### [Excerpted records]
******

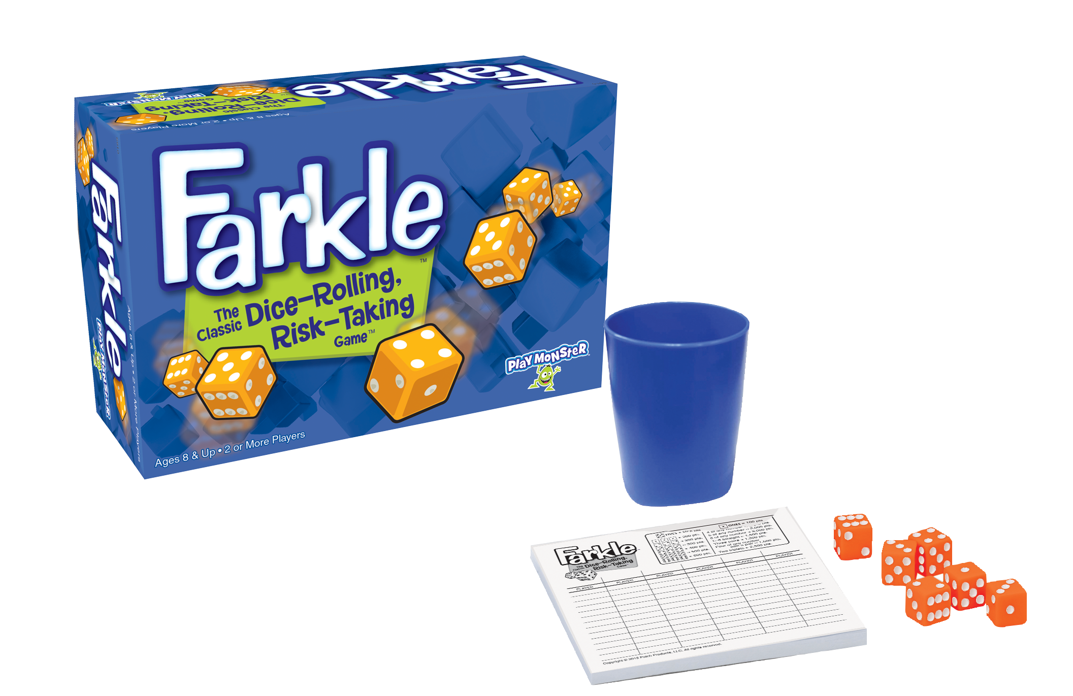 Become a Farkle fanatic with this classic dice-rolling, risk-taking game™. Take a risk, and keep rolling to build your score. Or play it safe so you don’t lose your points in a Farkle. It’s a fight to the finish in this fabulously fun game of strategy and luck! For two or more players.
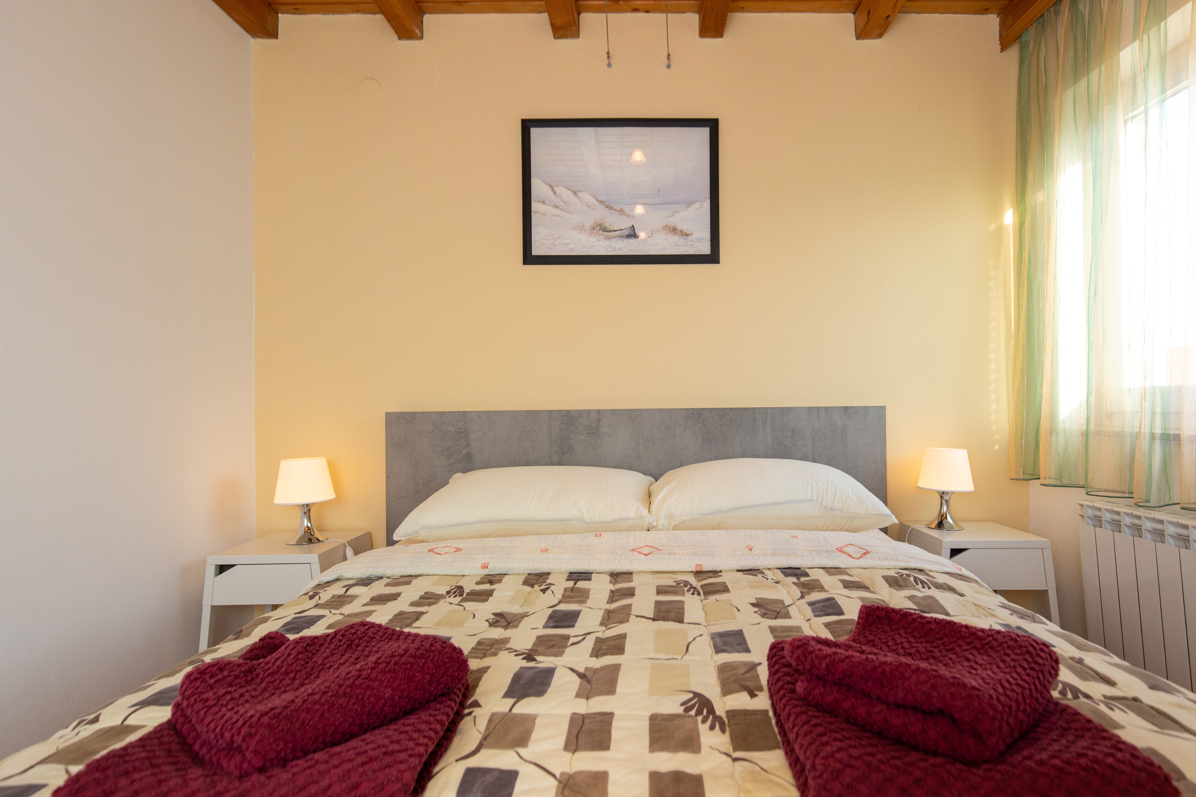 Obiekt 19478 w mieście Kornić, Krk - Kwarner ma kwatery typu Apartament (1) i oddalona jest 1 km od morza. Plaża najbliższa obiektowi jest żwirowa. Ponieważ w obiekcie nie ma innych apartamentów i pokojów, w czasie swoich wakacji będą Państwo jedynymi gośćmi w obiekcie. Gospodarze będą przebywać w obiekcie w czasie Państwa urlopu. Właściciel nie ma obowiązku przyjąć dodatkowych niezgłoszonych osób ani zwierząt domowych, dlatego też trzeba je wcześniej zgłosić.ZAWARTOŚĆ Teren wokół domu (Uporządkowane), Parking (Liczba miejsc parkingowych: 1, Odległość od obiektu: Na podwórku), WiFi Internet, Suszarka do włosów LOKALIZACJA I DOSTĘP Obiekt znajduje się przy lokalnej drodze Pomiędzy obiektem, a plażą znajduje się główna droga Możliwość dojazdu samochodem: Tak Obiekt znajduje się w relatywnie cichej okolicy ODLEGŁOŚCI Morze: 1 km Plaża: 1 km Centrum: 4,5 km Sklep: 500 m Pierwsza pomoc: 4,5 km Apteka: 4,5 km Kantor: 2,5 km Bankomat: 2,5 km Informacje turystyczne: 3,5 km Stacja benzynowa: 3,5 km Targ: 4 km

******

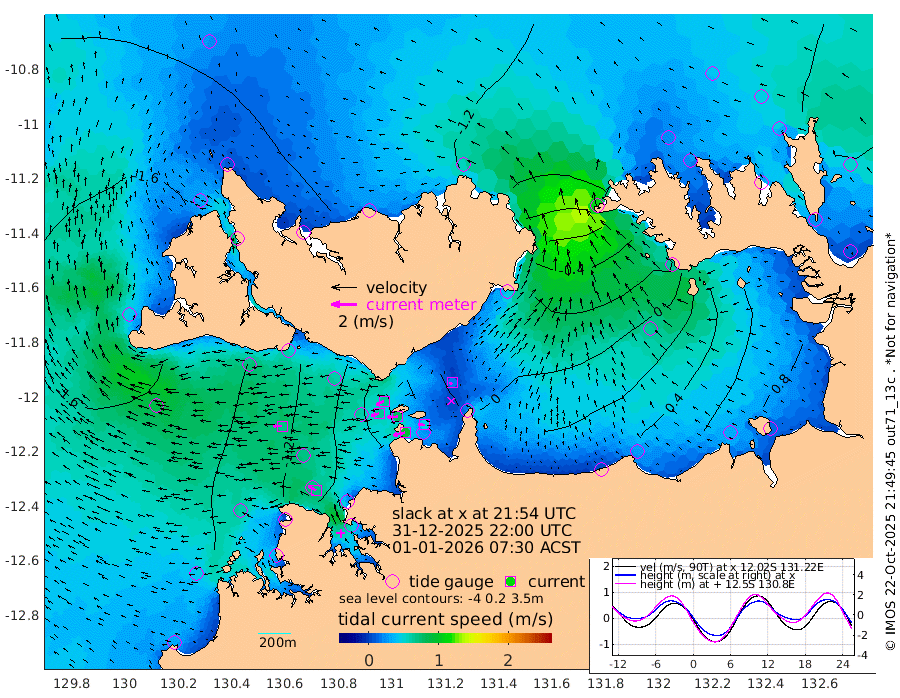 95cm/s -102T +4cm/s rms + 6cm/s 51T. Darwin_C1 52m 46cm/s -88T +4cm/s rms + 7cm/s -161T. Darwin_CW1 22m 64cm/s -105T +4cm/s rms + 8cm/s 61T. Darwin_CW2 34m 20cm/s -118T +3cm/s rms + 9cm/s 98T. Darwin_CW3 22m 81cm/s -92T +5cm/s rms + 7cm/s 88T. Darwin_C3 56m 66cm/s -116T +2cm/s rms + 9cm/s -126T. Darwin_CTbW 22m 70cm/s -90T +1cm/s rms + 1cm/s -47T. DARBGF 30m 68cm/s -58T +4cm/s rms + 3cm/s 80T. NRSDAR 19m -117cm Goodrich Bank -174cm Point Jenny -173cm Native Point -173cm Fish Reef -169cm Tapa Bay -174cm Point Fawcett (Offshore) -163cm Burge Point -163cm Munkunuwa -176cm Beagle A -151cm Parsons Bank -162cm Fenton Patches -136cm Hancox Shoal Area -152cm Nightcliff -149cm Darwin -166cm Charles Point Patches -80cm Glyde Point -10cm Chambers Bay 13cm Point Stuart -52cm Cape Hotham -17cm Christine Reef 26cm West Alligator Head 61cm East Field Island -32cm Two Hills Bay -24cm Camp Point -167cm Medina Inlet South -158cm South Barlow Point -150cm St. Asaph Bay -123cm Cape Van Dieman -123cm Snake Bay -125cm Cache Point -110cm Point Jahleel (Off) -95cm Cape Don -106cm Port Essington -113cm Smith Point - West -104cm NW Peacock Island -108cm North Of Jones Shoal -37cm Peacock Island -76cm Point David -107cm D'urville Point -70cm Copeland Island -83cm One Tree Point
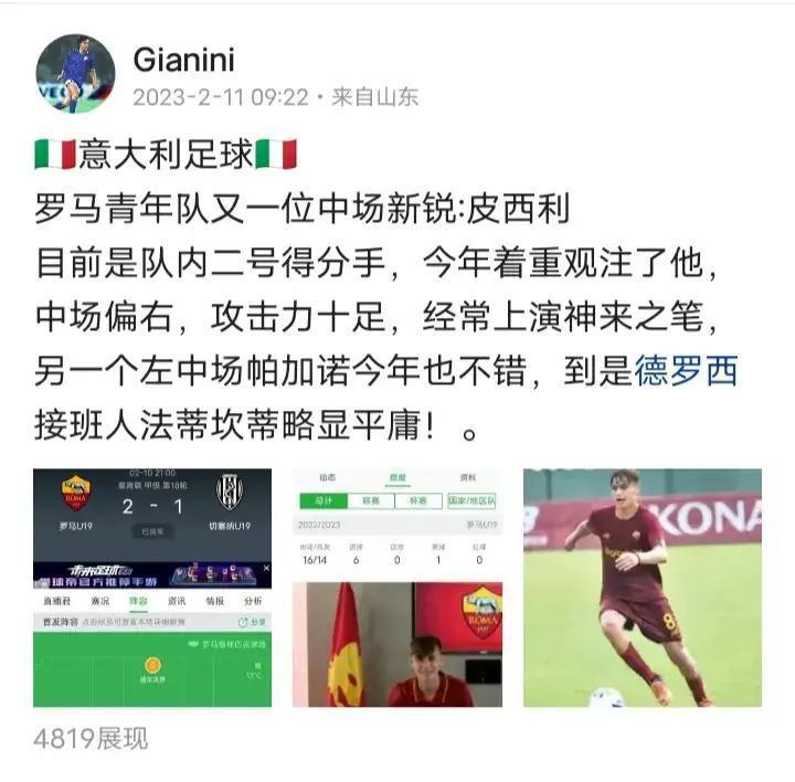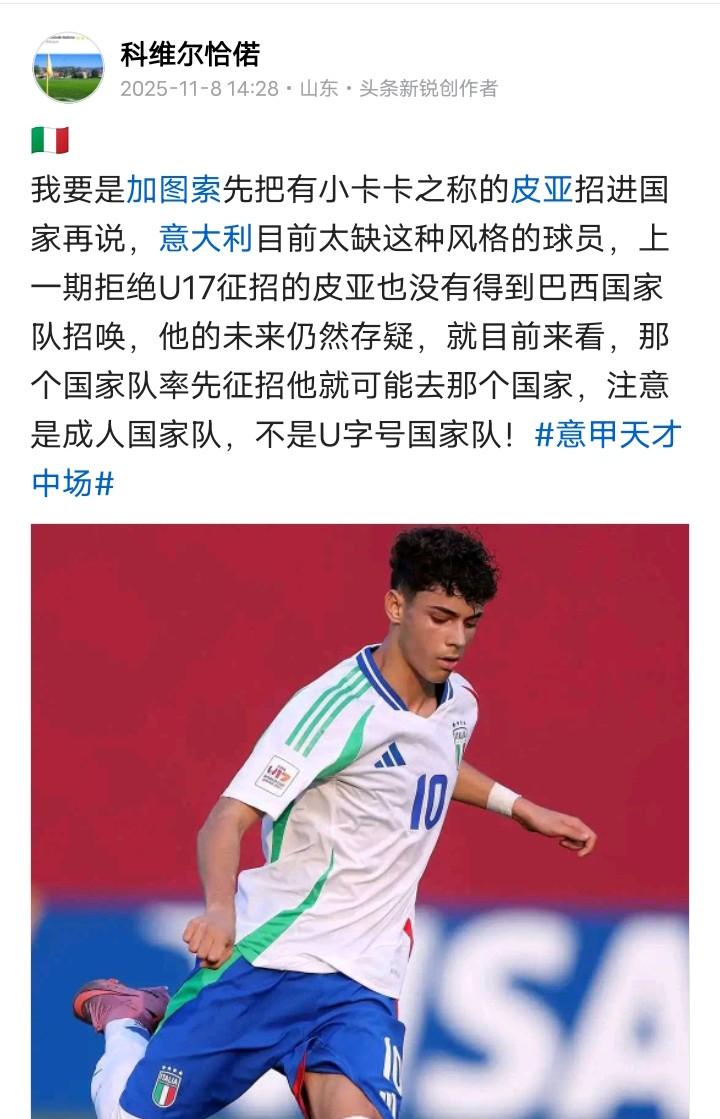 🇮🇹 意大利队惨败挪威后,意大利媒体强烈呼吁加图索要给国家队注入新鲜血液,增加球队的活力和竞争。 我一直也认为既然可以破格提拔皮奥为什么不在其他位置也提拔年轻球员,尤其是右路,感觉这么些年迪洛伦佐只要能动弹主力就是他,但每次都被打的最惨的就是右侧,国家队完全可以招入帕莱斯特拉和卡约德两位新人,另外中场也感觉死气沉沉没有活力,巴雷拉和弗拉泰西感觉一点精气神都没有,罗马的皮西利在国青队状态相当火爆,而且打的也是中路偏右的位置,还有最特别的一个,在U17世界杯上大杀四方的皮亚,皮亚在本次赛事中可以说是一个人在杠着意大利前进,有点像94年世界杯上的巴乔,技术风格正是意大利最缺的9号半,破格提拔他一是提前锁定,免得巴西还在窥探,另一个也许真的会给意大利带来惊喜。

******

### [Task requirements]
Your answer should be the exact lines above from the one containing "Become a Farkle" through the one containing "Obiekt 19478 w", with both end lines kept and the pictures removed, please.

### [Answer space]
 Become a Farkle fanatic with this classic dice-rolling, risk-taking game™. Take a risk, and keep rolling to build your score. Or play it safe so you don’t lose your points in a Farkle. It’s a fight to the finish in this fabulously fun game of strategy and luck! For two or more players.
 Obiekt 19478 w mieście Kornić, Krk - Kwarner ma kwatery typu Apartament (1) i oddalona jest 1 km od morza. Plaża najbliższa obiektowi jest żwirowa. Ponieważ w obiekcie nie ma innych apartamentów i pokojów, w czasie swoich wakacji będą Państwo jedynymi gośćmi w obiekcie. Gospodarze będą przebywać w obiekcie w czasie Państwa urlopu. Właściciel nie ma obowiązku przyjąć dodatkowych niezgłoszonych osób ani zwierząt domowych, dlatego też trzeba je wcześniej zgłosić.ZAWARTOŚĆ Teren wokół domu (Uporządkowane), Parking (Liczba miejsc parkingowych: 1, Odległość od obiektu: Na podwórku), WiFi Internet, Suszarka do włosów LOKALIZACJA I DOSTĘP Obiekt znajduje się przy lokalnej drodze Pomiędzy obiektem, a plażą znajduje się główna droga Możliwość dojazdu samochodem: Tak Obiekt znajduje się w relatywnie cichej okolicy ODLEGŁOŚCI Morze: 1 km Plaża: 1 km Centrum: 4,5 km Sklep: 500 m Pierwsza pomoc: 4,5 km Apteka: 4,5 km Kantor: 2,5 km Bankomat: 2,5 km Informacje turystyczne: 3,5 km Stacja benzynowa: 3,5 km Targ: 4 km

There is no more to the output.